Lo primero que hicieron fue hablar con la comunidad. En un encuentro con líderes de los 5 municipios de la serranía, escucharon los problemas que aquejaban a los campesinos y sus principales necesidades. Luego crearon un plan piloto llamado ‘Planes Finca’, en el que escogieron a 5 familias campesinas para implementar un proceso de mejoramiento productivo en sus fincas. 

A ellos los ayudaron a diseñar estrategias y actividades que les permitieron mejorar su producción. Saúl Neira, por ejemplo, cuenta que en su finca estaba dividida en dos potreros que se estaban quedando sin pasto, pero que con el programa logró dividirla en 34 con una fórmula rotacional. De esa forma pasó de ordeñar 7 vacas a 20, y de producir 20 litros de leche a 80. 

Con experiencias similares, el programa se dio a conocer con otros campesinos de la zona, y actualmente trabajan con 13 organizaciones de campesinos y 1400 productores. Uno de los pilares del programa es que las familias son quienes toman las decisiones. Los agrónomos y veterinarios de Alquería sólo asesoran y canalizan las ideas de los campesinos, con planes específicos para mejorar los sistemas de alimentación, producción y carga animal. La idea es mejorar la producción y disminuir los costos para aumentar los ingresos.

450 campesinos, además, están en cursos con el SENA para capacitación técnica.
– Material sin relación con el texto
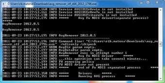 Antivirusapplicaties zijn geregeld hardnekkig om te verwijderen en ook AVG heeft hier een handje van. Daarom hebben de ontwikkelaars van AVG zélf een tool gepubliceerd waarmee je hun programma's gegarandeerd verwijdert. Om de deïnstallatie uit te voeren, dubbelklik je op het gedownloade .exe bestand. Na één bevestiging verschijnt er een antiek DOS-schermpje zonder gebruikersmenu. Dit maakt echter niet uit, want AVG Remover voert het proces dan automatisch uit.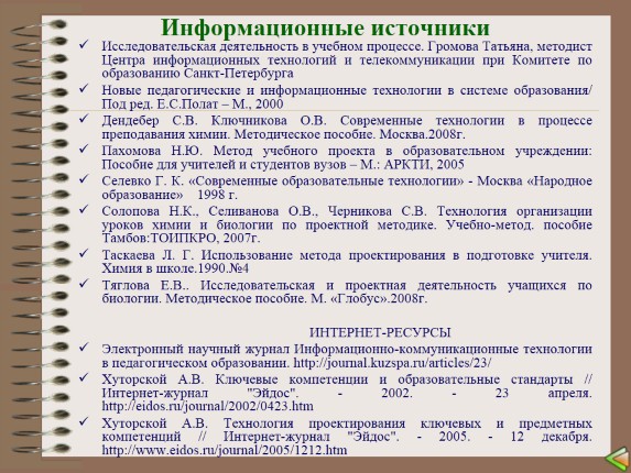 Солопова Н.К., Селиванова О.В., Черникова С.В. Технология организации уроков химии и биологии по проектной методике. Учебно-метод. пособие Тамбов:ТОИПКРО, 2007г.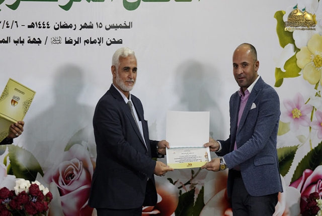 وكانت هناك مشاركة للرادود الحُسيني عمار الكناني بروائع الكلمات والأهازيج الجميلة معبّراً عن الولاء المُطلق لصاحب الذكرى الإمام المجتبى "عليهما السلام" التي أضفت روح البهجة والسرور في نفوس زائري الإمامين الجوادين "عليه السلام"، واختتم الحفل بتكريم نخبة من الأساتذة والتربويين والطلبة المتفوقين في تربية الرصافة الثالثة وذلك دعماً للمتميزين وتشجيع الكفاءات العلمية لدفع عجلة الرقيّ والتقدّم، والعمل على تعزيز روح الانتماء للعراق وهم يتطلعون إلى صناعة مستقبلهم الواعد.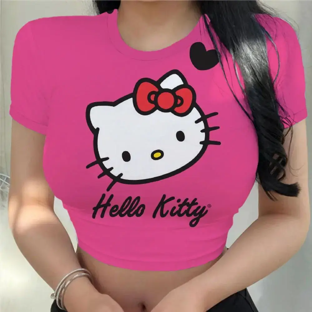 Sexy Kawaii Mickey Mouse Print Female Clothing Cartoon Y2k Party Summer Crop Top Slim Fit T Shirt Tight Women's T-shirt Fashion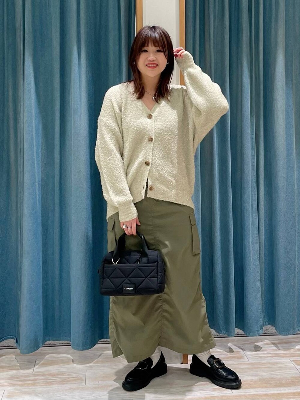 スカートは伸縮性もあって 足さばきもGoodです! シンプルにカーディガンを1枚着として 着用してもオススメです🧡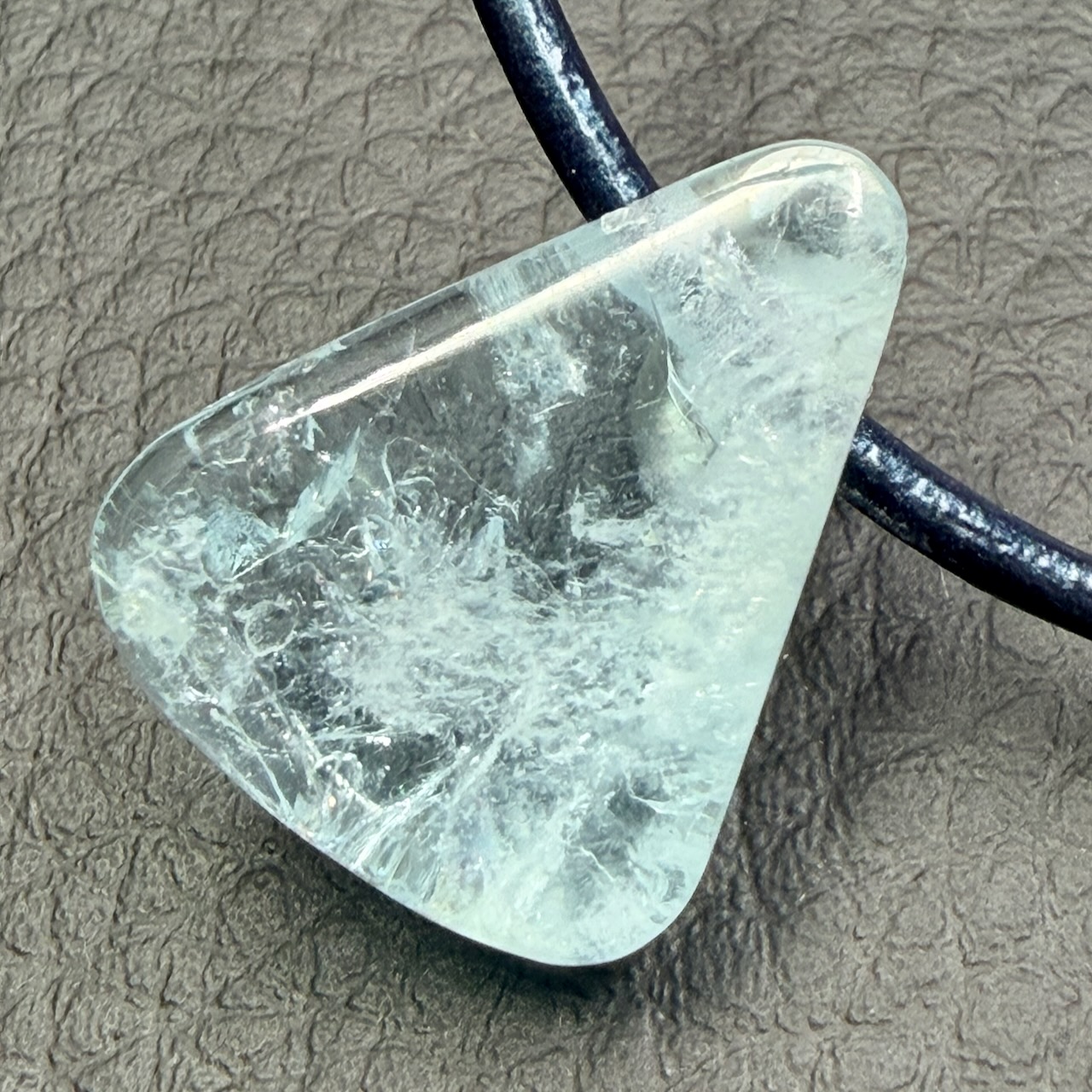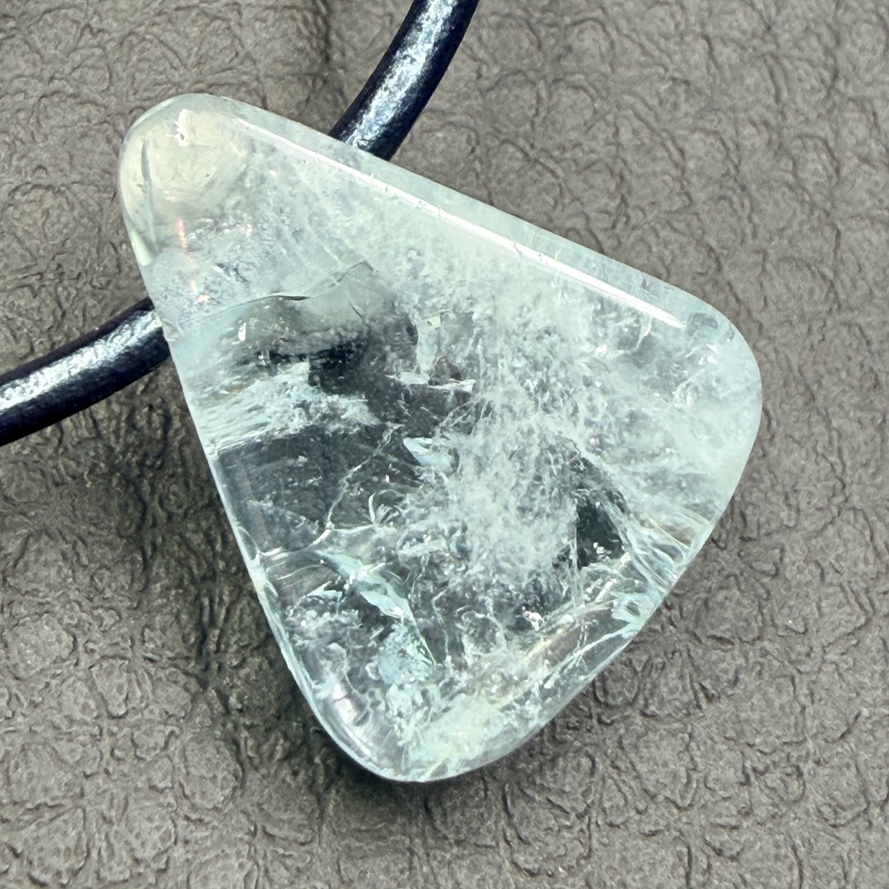 Placer le pendentif aigue marine au soleil peut être un plus quand la pierre a beaucoup travaillé.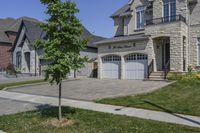 This is an image of a beautiful suburban residential area in Toronto, Canada. The clear sky provides a bright backdrop for the well-maintained houses and buildings. The architecture showcases a mix of brick and stone walls, with charming facades and walkways. The neatly paved driveways and parking garages add to the appeal of the neighborhood. This photo captures the essence of a peaceful suburban life in Toronto, where people can enjoy the comfort and serenity of their homes surrounded by trees and greenery.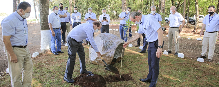 | Plantio de árvore realizada pelo idealizador e presidente do Conselho de Administração da Coamo, José Aroldo Gallassini e diretores Executivos |

Y 13 jóvenes de la comunidad están formándose como tecnólogos agropecuarios. 

Otro componente importante es la comercialización de la leche. Alquería garantiza la compra del 100 por ciento del producto a los campesinos lecheros, que de esa manera han mejorado su calidad de vida, producen más leche y aprenden cómo manejar una finca de manera sostenible.